WHAT IS NEEDED: In the copy, include no pictures. Reproduce the rest of the entries exactly.

** Opening GIVEN ENTRIES block **

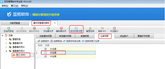 亞拓管理軟件紅管家倉庫管理軟件都可以設置操作員的倉庫控制權限,下面我們以亞拓管理軟件專業版為例介紹一下如何設置操作員的倉庫控制權限。
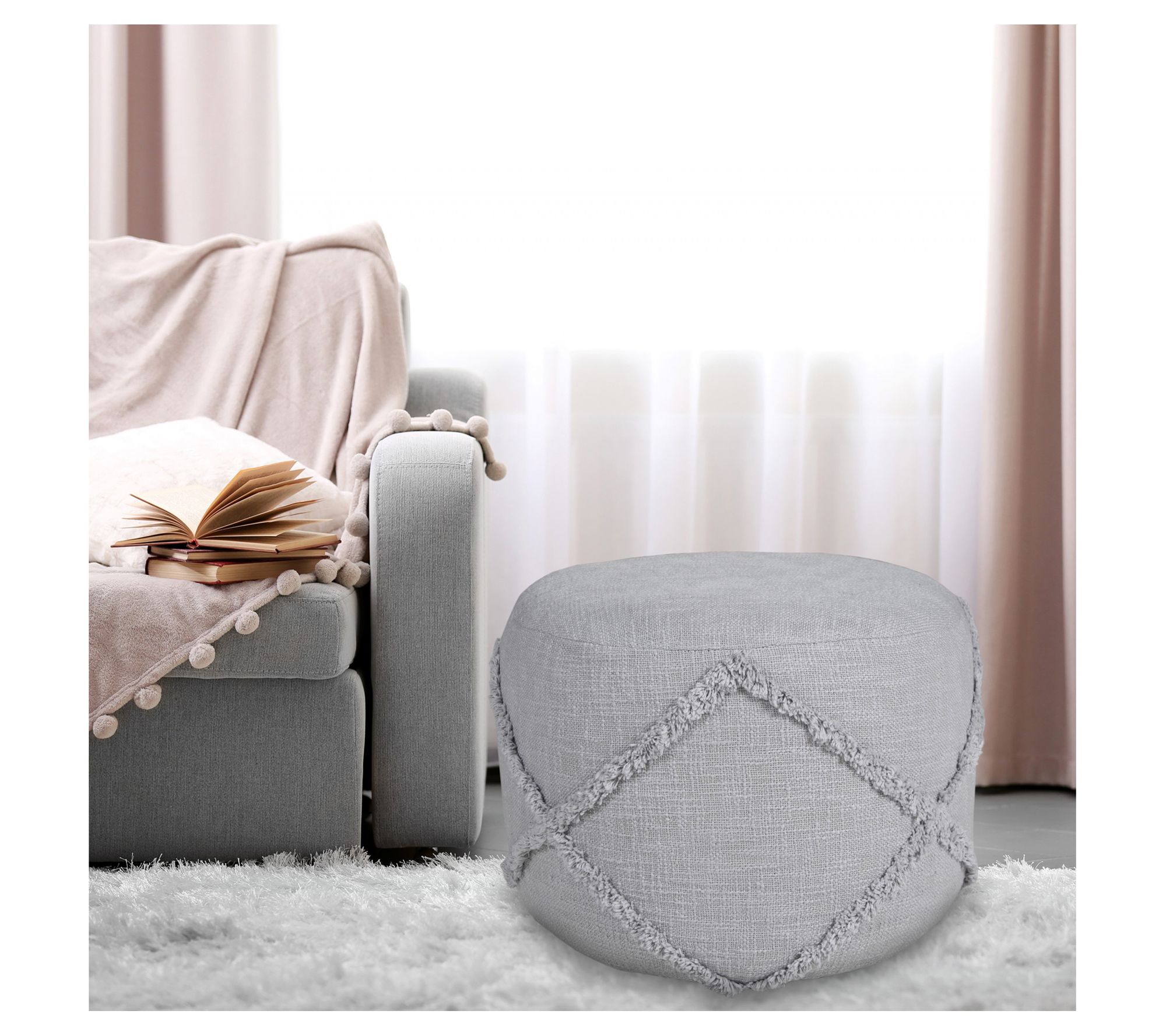 Add a touch of comfort and style to your living space with this soft cotton ottoman. Perfect for resting your feet or as an extra seat, this pouf brings a cozy, versatile addition to any room. From Ox Bay.
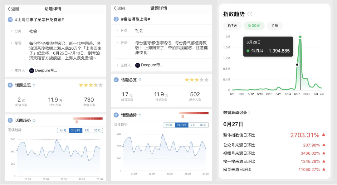 通过时空环境的高度共振,引发上海人民强烈共鸣,迅速打响了帝泊洱在上海市场的知名度与认知度。截至发稿,#上海回来了纪念杯免费领# #帝泊洱敬上海# 话题阅读量累计达3.7亿,讨论量达11.9万。微信指数「帝泊洱」呈高速增长。
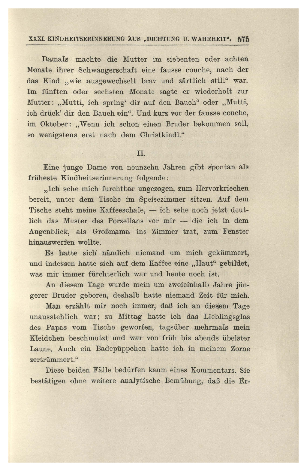 XXXI, KINDHEITSERINNERUNG AUS „DICHTUNG U. WAHRHEIT“, 575
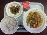 わかめごはん 豚肉と大根のうま煮 もやしと小松菜のごま和え 牛乳
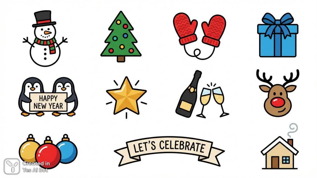 2d, png, bold line, vector art, different, minimalism, bg is white collection of twelve new year-themed stickers, arranged in grid of three rows and four columns, first row features a snowman wearing a scarf and top hat, next sticker is a christmas tree with colorful ornaments, third sticker shows a pair of red mittens, fourth sticker is a blue gift box with a big bow on top; second row includes two penguins holding a sign that says "happy new year", followed by a golden star, next sticker is a bottle of champagne with glasses, bottom left showcases a reindeer with a red nose, and the last one is an illustration of a cozy house with smoke com...
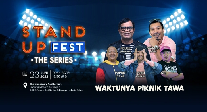 Seri perdana Stand Up Fest ini mengusung tema “Waktunya Piknik Tawa” acara ini akan mengahadirkan komika ternama yaitu Soleh Solihun, Mongol Stres, Popon Kerok, Yono bakrie, dan Ate.
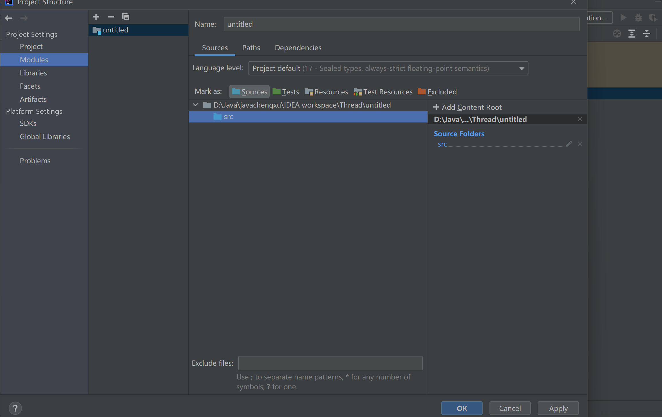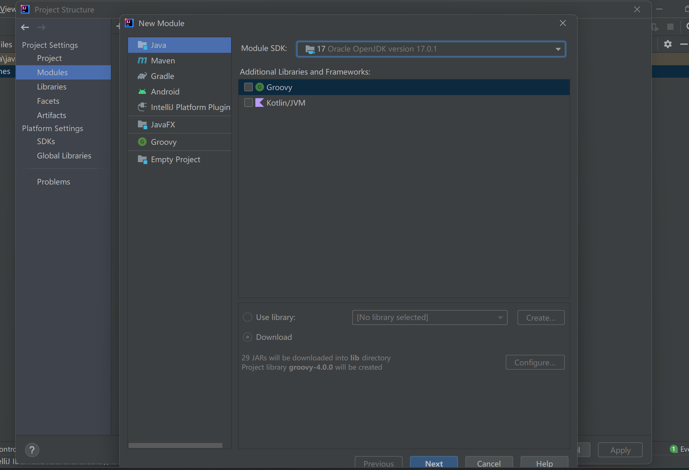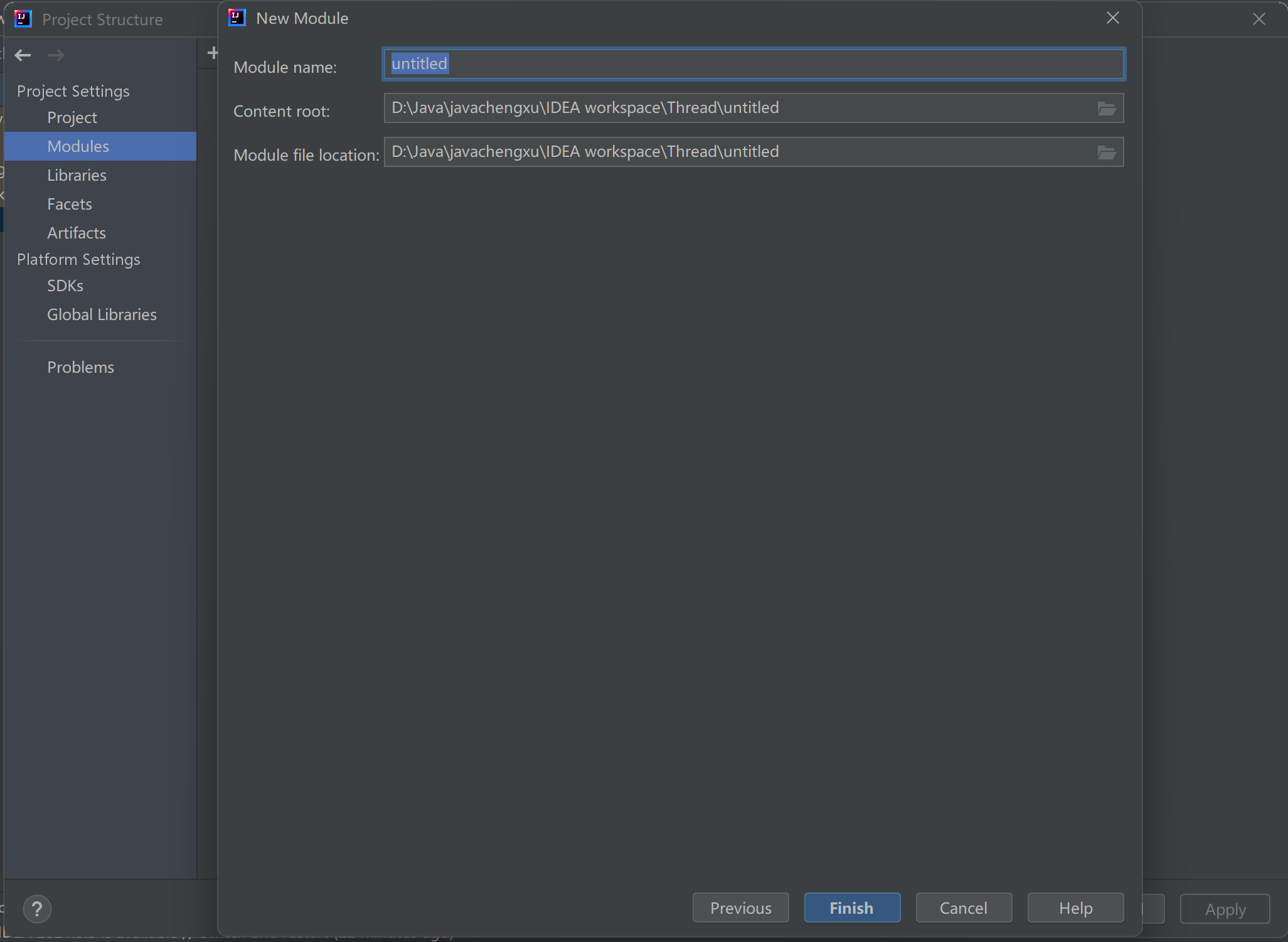 Next,进入如下:新建模块:MOdules路径,名称设置.
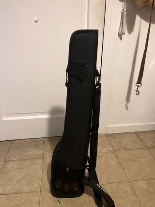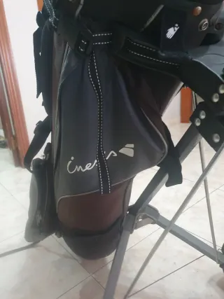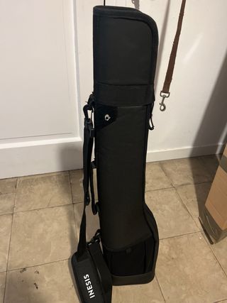 Bolsa de golf Inesis de color negro, diseñada para transportar hasta 5 palos. - Material resistente. - Correa ajustable para el hombro. - 2 Compartimentos de malla en la parte inferior.
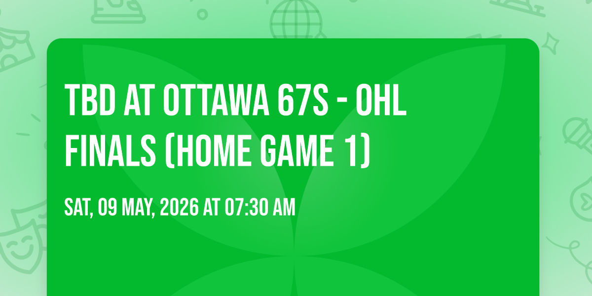 📍 Location: 45.3981, -75.6836🌟 Journey into wonder at TBD at Ottawa 67s - OHL Finals (Home Game 1), where extraordinary experiences await around every corner! 🏛️ Set against the backdrop of The Arena at TD Place in dynamic Ottawa, ON, this event promises to exceed all expectations. 📅 Join us on May 9th, 2026 at 07:30 AM for a celebration that combines innovation, entertainment, and community spirit in perfect harmony. ✨ There will be an atmosphere where memories are made and stories come alive, ensuring every guest experiences something truly remarkable. 🎊 This is more than just an event; it's a journey into the extraordinary!
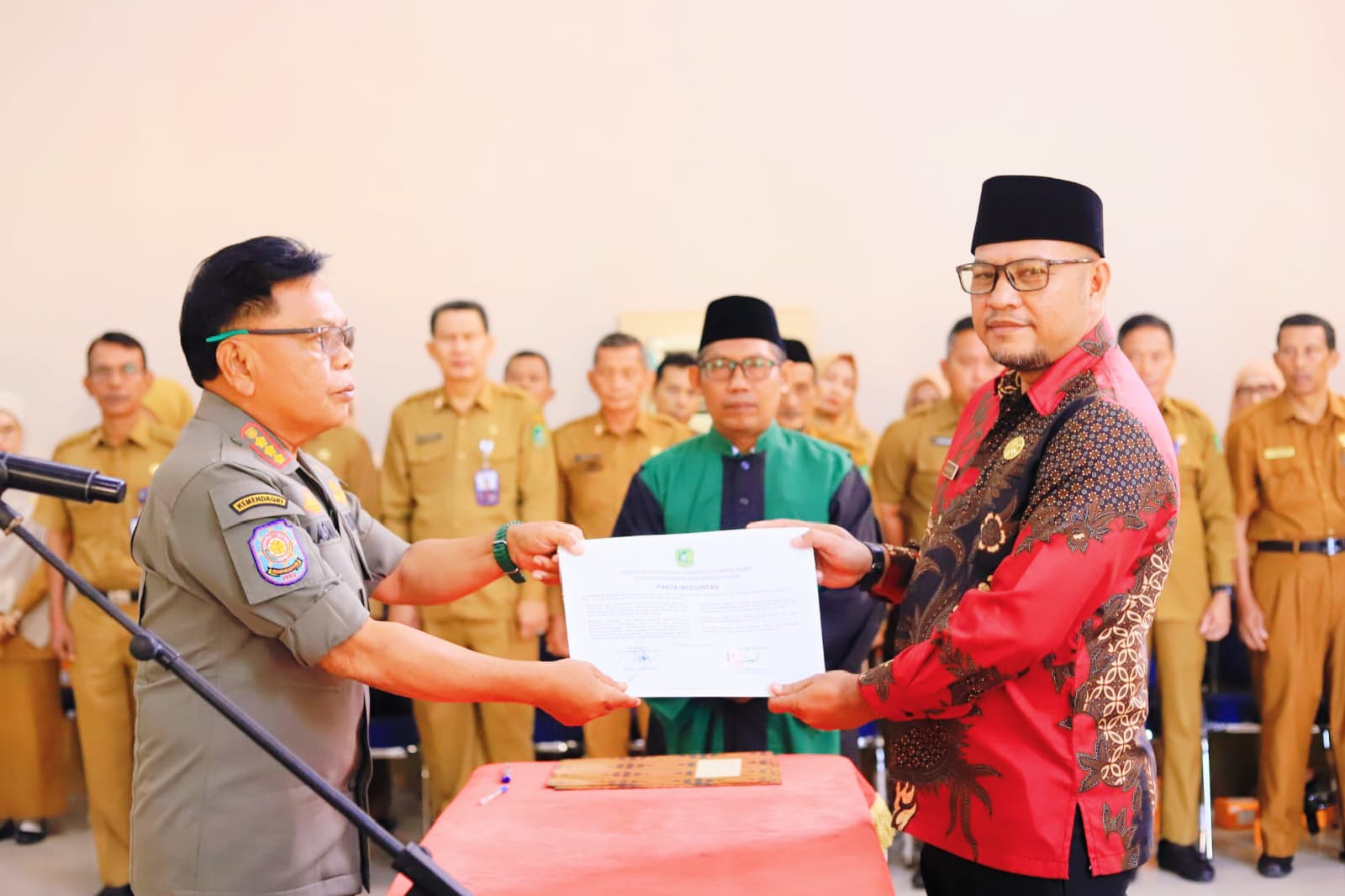 Dalam sambutannya, Bupati Asmar menyampaikan ucapan selamat kepada para Kepala Sekolah yang baru dilantik.

** Closing GIVEN ENTRIES block **

TASK SOLUTION:
 亞拓管理軟件紅管家倉庫管理軟件都可以設置操作員的倉庫控制權限,下面我們以亞拓管理軟件專業版為例介紹一下如何設置操作員的倉庫控制權限。
 Add a touch of comfort and style to your living space with this soft cotton ottoman. Perfect for resting your feet or as an extra seat, this pouf brings a cozy, versatile addition to any room. From Ox Bay.
 通过时空环境的高度共振,引发上海人民强烈共鸣,迅速打响了帝泊洱在上海市场的知名度与认知度。截至发稿,#上海回来了纪念杯免费领# #帝泊洱敬上海# 话题阅读量累计达3.7亿,讨论量达11.9万。微信指数「帝泊洱」呈高速增长。
 XXXI, KINDHEITSERINNERUNG AUS „DICHTUNG U. WAHRHEIT“, 575
 わかめごはん 豚肉と大根のうま煮 もやしと小松菜のごま和え 牛乳
 2d, png, bold line, vector art, different, minimalism, bg is white collection of twelve new year-themed stickers, arranged in grid of three rows and four columns, first row features a snowman wearing a scarf and top hat, next sticker is a christmas tree with colorful ornaments, third sticker shows a pair of red mittens, fourth sticker is a blue gift box with a big bow on top; second row includes two penguins holding a sign that says "happy new year", followed by a golden star, next sticker is a bottle of champagne with glasses, bottom left showcases a reindeer with a red nose, and the last one is an illustration of a cozy house with smoke com...
 Seri perdana Stand Up Fest ini mengusung tema “Waktunya Piknik Tawa” acara ini akan mengahadirkan komika ternama yaitu Soleh Solihun, Mongol Stres, Popon Kerok, Yono bakrie, dan Ate.
 Next,进入如下:新建模块:MOdules路径,名称设置.
 Bolsa de golf Inesis de color negro, diseñada para transportar hasta 5 palos. - Material resistente. - Correa ajustable para el hombro. - 2 Compartimentos de malla en la parte inferior.
 📍 Location: 45.3981, -75.6836🌟 Journey into wonder at TBD at Ottawa 67s - OHL Finals (Home Game 1), where extraordinary experiences await around every corner! 🏛️ Set against the backdrop of The Arena at TD Place in dynamic Ottawa, ON, this event promises to exceed all expectations. 📅 Join us on May 9th, 2026 at 07:30 AM for a celebration that combines innovation, entertainment, and community spirit in perfect harmony. ✨ There will be an atmosphere where memories are made and stories come alive, ensuring every guest experiences something truly remarkable. 🎊 This is more than just an event; it's a journey into the extraordinary!
 Dalam sambutannya, Bupati Asmar menyampaikan ucapan selamat kepada para Kepala Sekolah yang baru dilantik.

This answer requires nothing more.